Salah satu tujuan pendidikan yang terkenal bagi penutur non-Inggris di benua Asia adalah Jepang. Jumlah siswa internasional di Jepang meningkat secara signifikan dari tahun ke tahun. Dalam kurun waktu 10 tahun (2009-2019), pelajar internasional di Jepang mengalami peningkatan yang signifikan, yaitu dua kali lipat dari 132.720 menjadi 312.214 orang (JASSO, 2019). Meskipun demikian, penelitian mengenai isu penyesuaian diri mahasiswa internasional di Jepang masih sangat minim. Bahkan Lee (2017) menyatakan bahwa hampir tidak ada penelitian yang menyoroti konteks mahasiswa internasional di Jepang dalam Journal of International Students. Mahasiswa internasional masih berfokus pada negara-negara Barat sebagai tujuan pendidikan tinggi favorit mereka, seperti Amerika Serikat, Inggris, Jerman, dll. Selain itu, urgensi penelitian terkait konteks mahasiswa internasional di Jepang juga didukung oleh penelitian yang dilakukan oleh (Kono et al., 2015) bahwa kesehatan mental mahasiswa internasional di Jepang harus menjadi perhatian yang signifikan karena besarnya prevalensi depresi pada mahasiswa internasional yang mencapai 41%.

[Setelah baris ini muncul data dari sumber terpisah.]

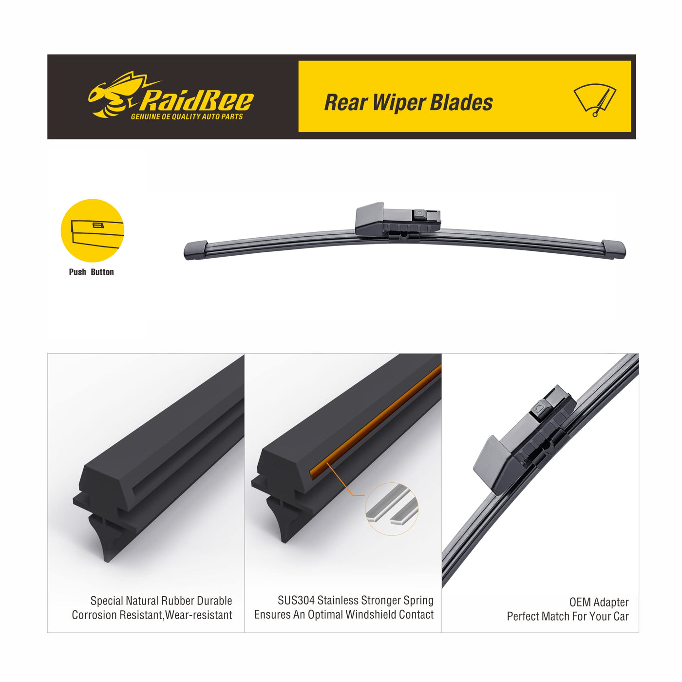 Q: How do I install the RaidBee Rear Wiper Blade?A: Installation of the RaidBee Rear Wiper Blade is straightforward; simply remove the old wiper blade from the arm and attach the new blade by following the included instructions for a secure fit.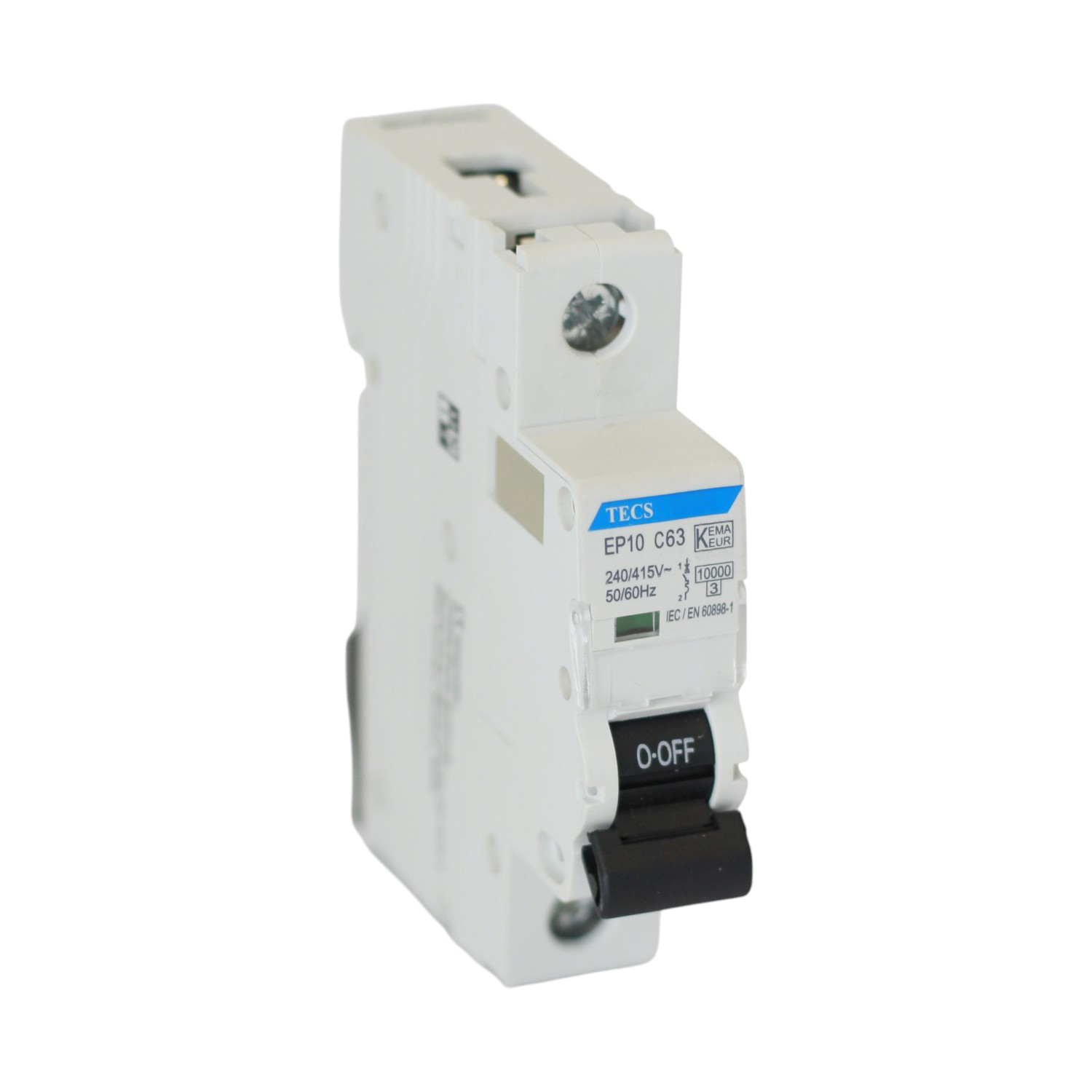 Interruptor Modular Automático riel DIN (MCB), de 1 polo, corriente nominal de 10A, capacidad máxima de ruptura Icu 10kA, y curva C.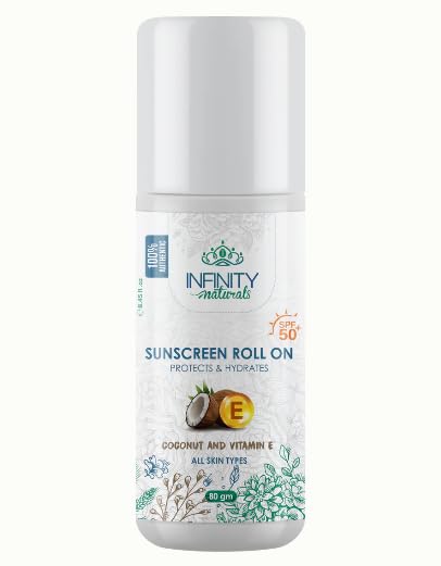 Infinity Naturals - واقيات من الشمس رول حماية واسعة الطيف من الأشعة فوق البنفسجية الطويلة والمتوسطة بدون عطور ومرطب معامل حماية من الشمس 50+، للبشرة مع أكسيد الزنك وثاني أكسيد التيتانيوم من انفينيتي ناتشورالز 80 جم

Jepang yang memiliki budaya konteks tinggi menghadirkan beberapa kompleksitas budaya yang dapat menantang adaptasi mahasiswa internasional. Sebagai contoh, budaya shodan-shogi (kesadaran berkelompok) yang kuat menumbuhkan kelompok atau komunitas eksklusif bagi orang Jepang, sehingga sulit bagi para pendatang untuk berasimilasi (Lee, 2017). Penelitian Murphy-Shigematsu (2002) membahas tentang sulitnya berinteraksi dengan orang Jepang bagi mahasiswa internasional karena adanya kesenjangan antara perasaan yang sebenarnya (honne) dan perilaku formal yang ditunjukkan di depan umum (tatemae). Meskipun dipahami bahwa orang Jepang lebih menghargai keharmonisan dalam hubungan daripada ekspresi jujur yang bersifat langsung, mahasiswa asing masih membutuhkan bantuan untuk menerima dan melihat budaya ini dalam perspektif lokal.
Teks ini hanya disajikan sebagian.